“Rechte” wollten “Linke” verprügeln.

Tom Wannenmacher, 30. September 2016

Nach PEGIDA in Oberhausen – Mit Fahnenstangen angegriffen – Opfer suchten Schutz bei der Bundespolizei

Mitarbeiter des Bahneigenen Sicherheitsdienstes verhinderten gestern Abend (28. September), dass mehrere Personen der linken Szene verprügelt wurden. Die Opfer flüchteten später in die Bundespolizeiwache. Einsatzkräfte nahmen drei Tatverdächtige vorläufig fest.

Gegen 22:30 Uhr wollten vier Männer (20/20/21/25) und eine Frau (37), die allesamt der linken Szene zuzuordnen sind, den Dortmunder Hauptbahnhof verlassen.

Gleichzeitig hielten sich auch vier Personen der rechten Szene (19/21/22/24, alle aus Dortmund), die nach eigenen Angaben von einer PEGIDA Veranstaltung in Oberhausen zurückgekehrt waren, im Personentunnel des Hauptbahnhofs auf. Nachdem die rechte Personengruppe, die fünf „Linken“ entdeckt hatten, rannten sie zielgerichtet auf diese zu. Dabei sollen zwei der Angreifer ihre mitgeführten Fahnenstangen (1 cm Durchmesser, 240 cm Länge), zum Schlag ansetzend, erhoben haben.
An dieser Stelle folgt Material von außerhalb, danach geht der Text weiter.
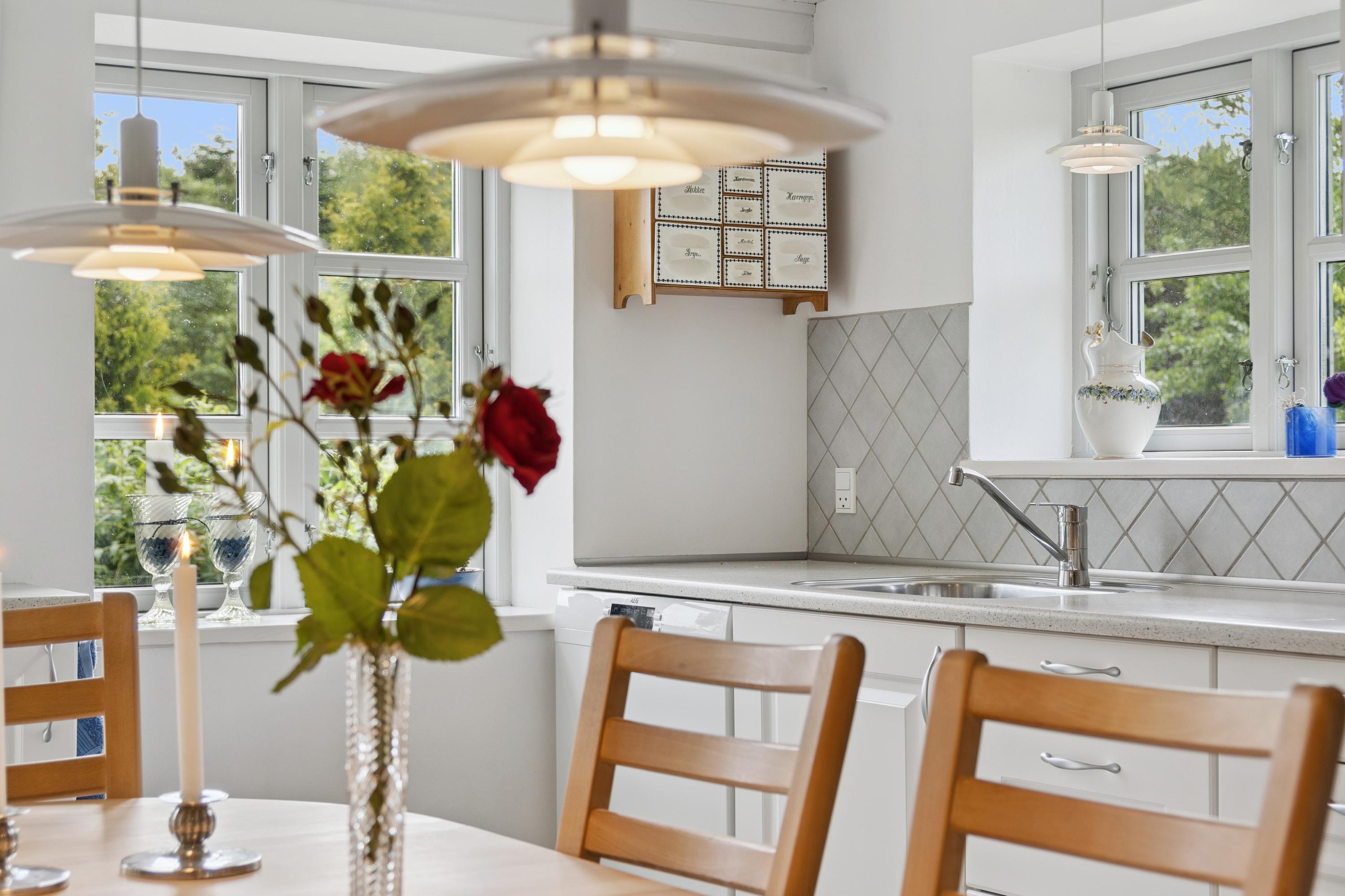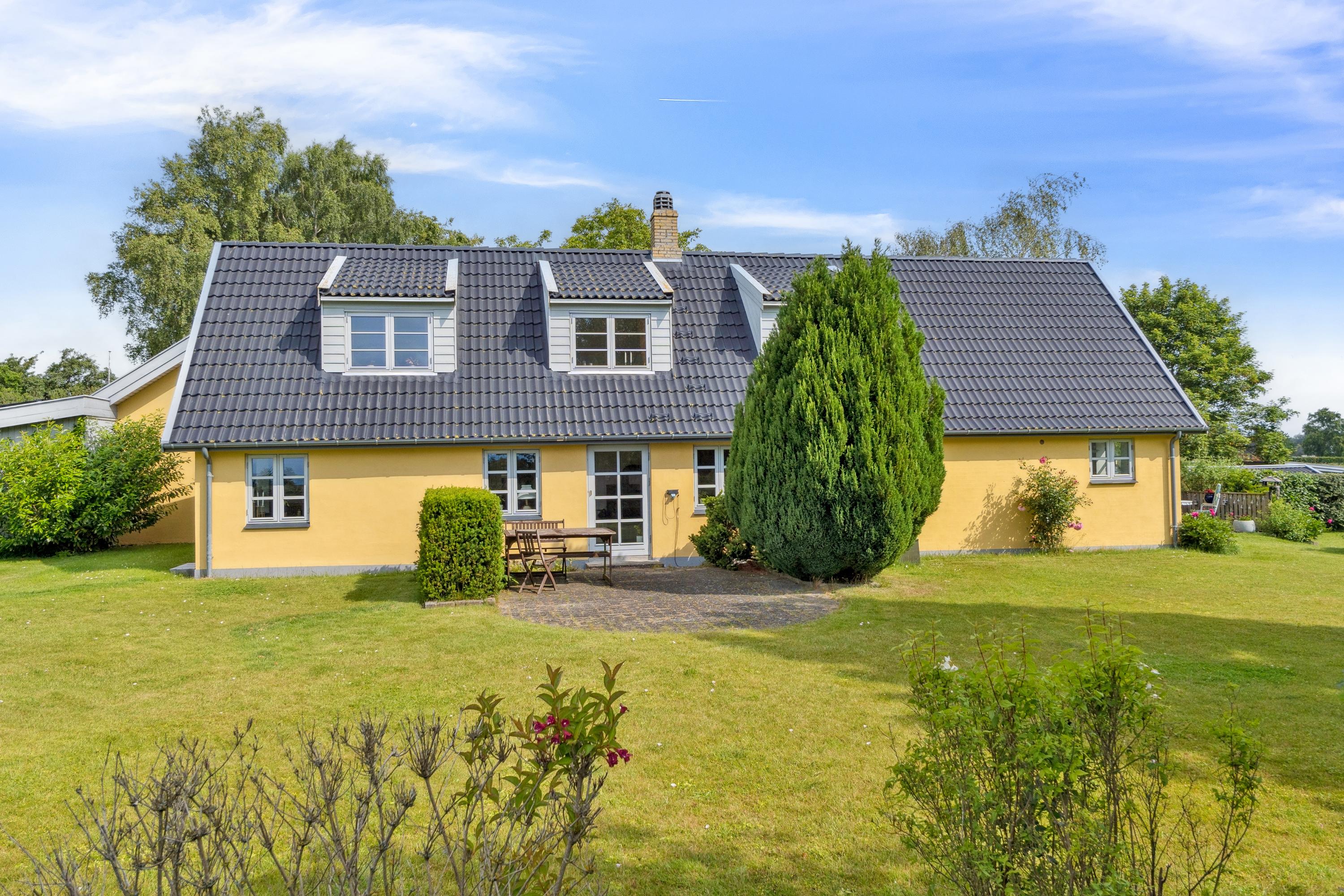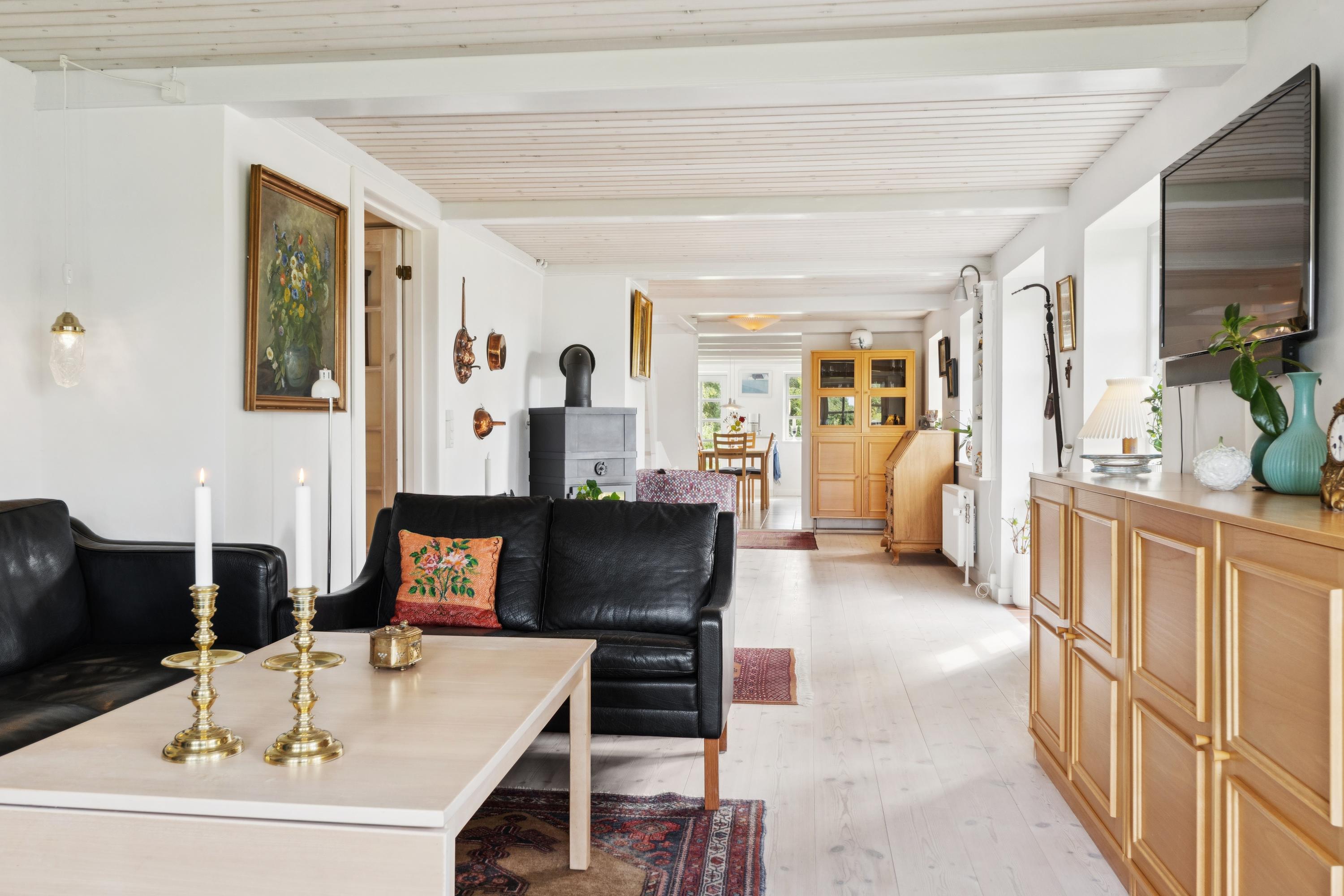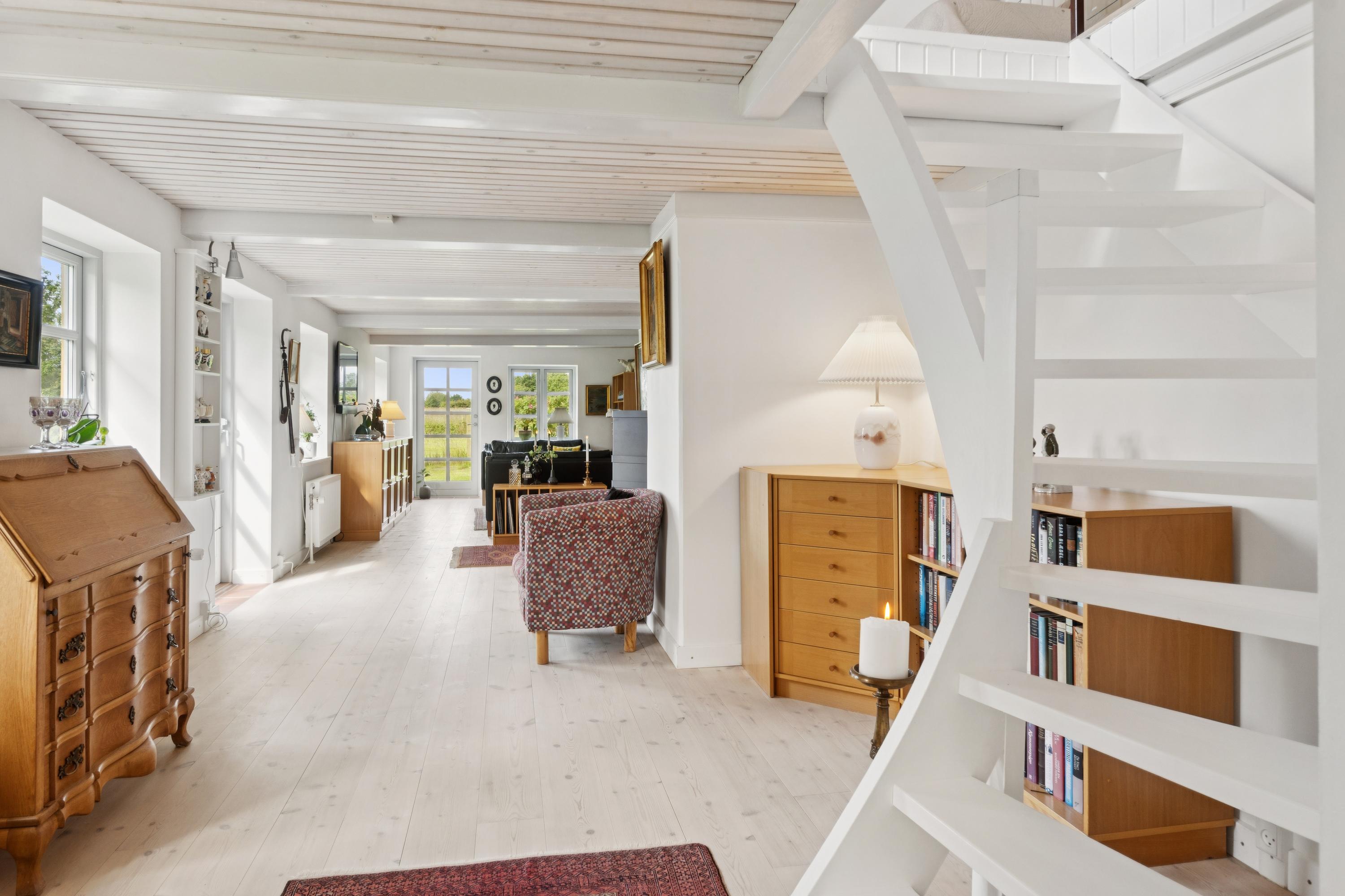 Helt ugeneret for enden af lukket vej midt i naturen og med kig til Hjelm Bugt ligger denne smukt renoverede ejendom på 335 kvm med mulighed for flexbolig. Her får du fred, ro og højt til himlen, kun 5 minutter fra stranden og
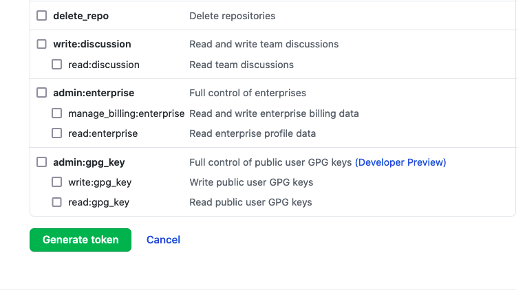 그리고 아래 그림처럼 맨 밑에 있는 Generate token을 눌러서 토큰을 만들면 됩니다.
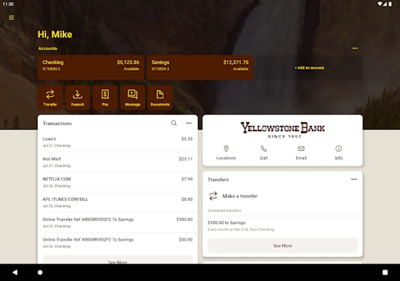 Yellowstone Bank's new mobile app is fast, secure and gives you full access to our banking services!
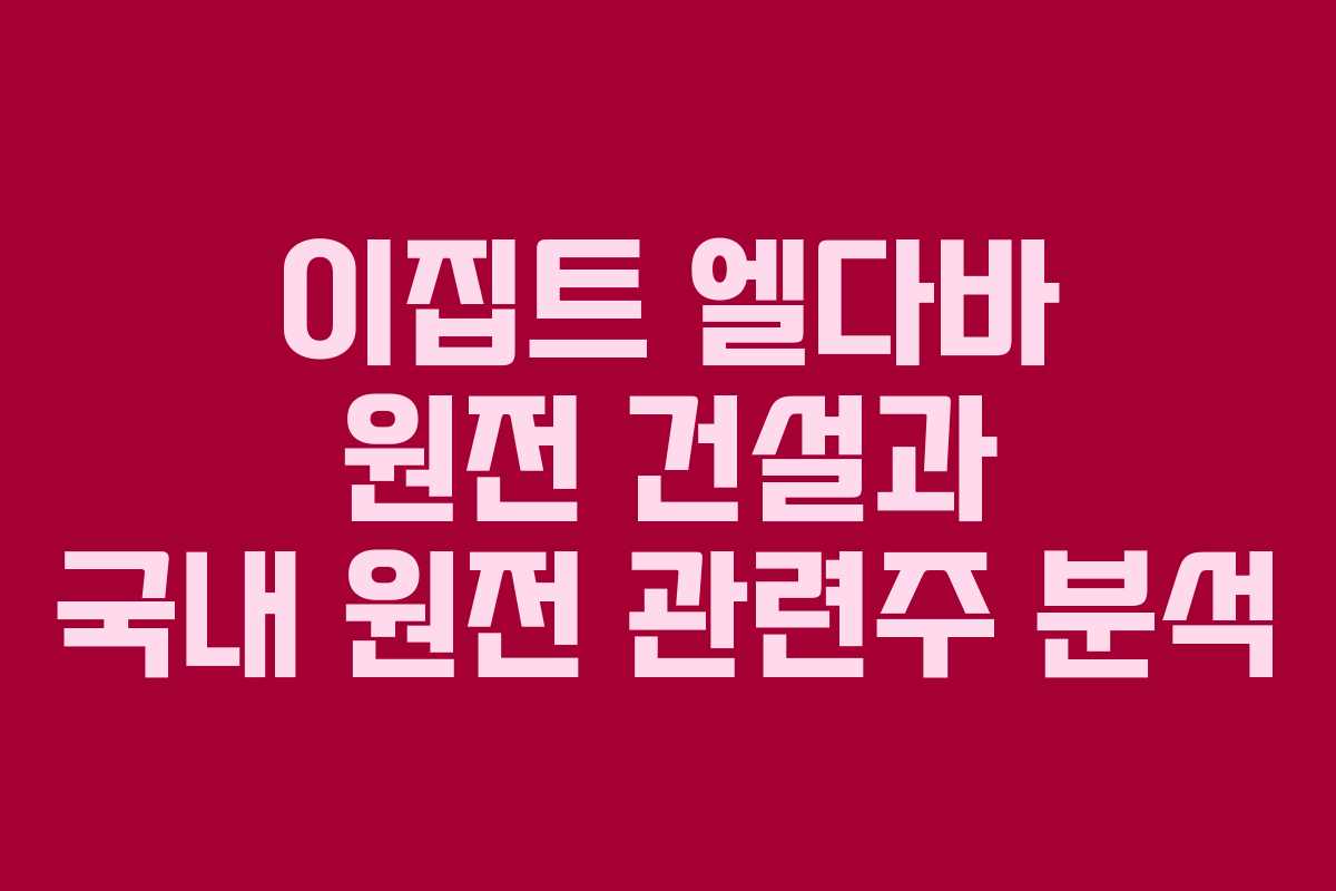 최근 이집트 엘다바 원전 건설 프로젝트에 대한 소식이 전해지면서, 국내 원전 관련주에 대한 관심이 높아지고 있습니다. 이 프로젝트는 한국수력원자력이 2차측 건설사업을 수주하면서 시작되었으며, 여러 국내 기업들이 참여할 예정입니다. 이번 포스팅에서는 이와 관련된 주요 기업들을 정리해 보겠습니다.
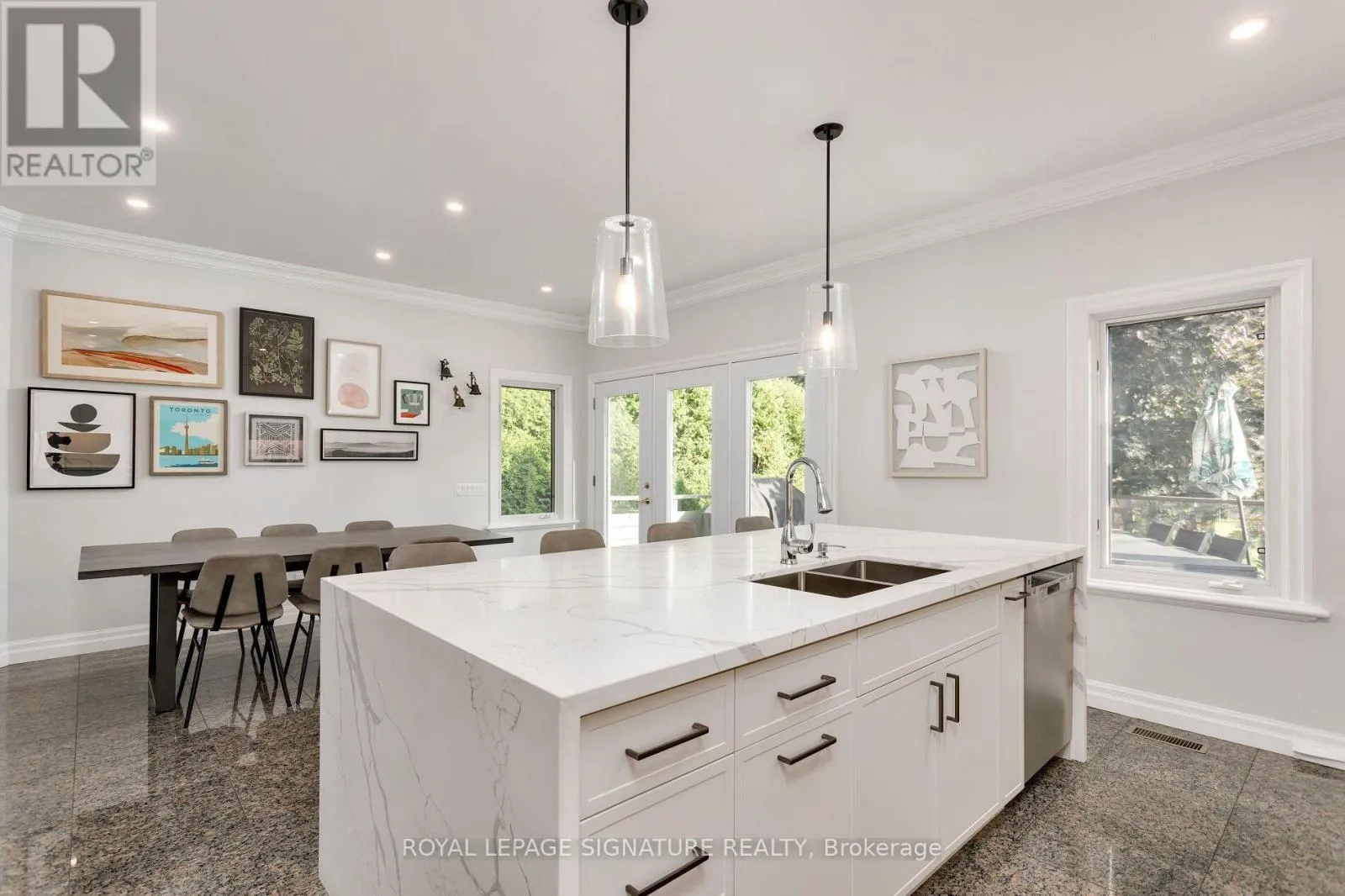 Centre Street / Vaughan Blvd Thirty-two years ago, 31 Lawrie Road was built with care, vision, and uncompromising quality. over the years it has been updated and refined, but certain features remain timeless - the thoughtful layout, the gleaming oak hardwood floors, and the lush backyard garden. Now, for the first time, a new family has the opportunity to make this cherished home their own. Set on an extraordinary 50 x 200-foot lot in the highly sought-after Beverly Glen neighbourhood, this custom-built residence offers both space & sophistication. A striking granite-tiled foyer w/9ft ceiling heights sets the stage for the home's 5400 sqft of refined interior. The new custom kitchen is a showpiece flooded with natural light. Entertain in style in the formal dining room with herringbone oak floors and French doors, or unwind in the elegant family room with gas fireplace. Additional main-floor features include a private office, front sitting room, a modern powder room, a dedicated laundry w/ dual sinks, and access to the garage that has soaring 12ft ceilings. A floating oak staircase brings you to the second floor, where five generously sized bedrooms await. The primary retreat features its own balcony, a walk-in closet, and a luxurious five-piece ensuite complete with a private w/c hidden behind a pocket door. Two additional full baths with marble tile complete the upper level.The possibilities continue in the attic, with walkable subfloors perfect for storage or a future hideaway, and in the expansive basement, where there's room for everything from a recreation area to practicing your pickleball game! Here, you'll also find a spa-like five-piece bath complete with sauna, dual cold cellars (including one beneath the garage), and direct basement-to-garage access via the oak-wood staircase.With its rare lot size, superior craftsmanship, and meticulous updates, 31 Lawrie Road stands as a statement of luxury living in one of the city's most desirable neighbourhoods. See Feature Sheet for extras. (id:27476)
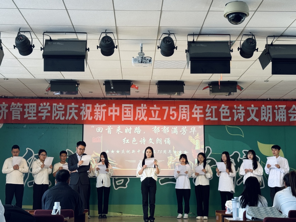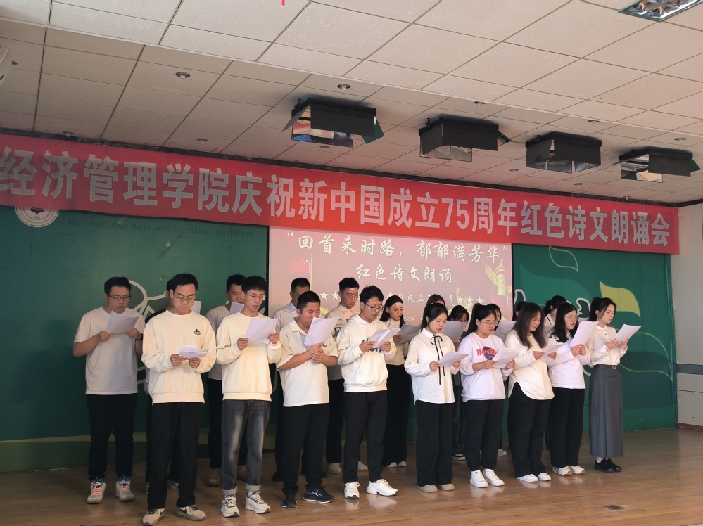 9月29日,学院在经管楼445报告厅举办红色诗文朗诵活动,2024级研究生以班级为单位倾情朗诵《华夏颂歌七十五载》《盛世中华,荣耀七十五载》等爱国主题诗歌,声音铿锵有力、句句动人,充分展现了青年员工的赤子之心和对祖国的无限热爱,活动现场高潮迭起、气氛热烈。

Durch das beherzte Eingreifen von vier Mitarbeitern der Bahnsicherheit, welche sich den vermeintlichen Angreifern in den Weg stellten, ließen diese von ihren Opfern ab. Die Frau und ihre vier Begleiter verließen fluchtartig den Bahnhof und suchten Schutz bei der nahe gelegenen Bundespolizei.

Einsatzkräfte der Bundespolizei fahndeten daraufhin nach den vier Tatverdächtigen und konnten nach einem Zeugenhinweis, drei der „Rechten“ in der abfahrbereiten S 2 vorläufig festnehmen. Dabei wurden auch die Fahnenstangen als Beweismittel beschlagnahmt.

Eine Auswertung der Videoaufzeichnungen aus dem Hauptbahnhof bestätigte weitestgehend die Angaben der Geschädigten und Zeugen. Zum Sachverhalt befragt, verweigerten die Tatverdächtigen jegliche Angaben. Nach Abschluss der polizeilichen Maßnahmen durften sie später die Wache wieder verlassen.

Die Bundespolizei leitet gegen die drei Dortmunder, welche bereits wegen Diebstahls- und Gewaltdelikten polizeibekannt sind, ein Ermittlungsverfahren wegen Landfriedensbruch ein.

Die weiteren Ermittlungen werden zuständigkeitshalber vom Dortmunder Staatsschutz geführt.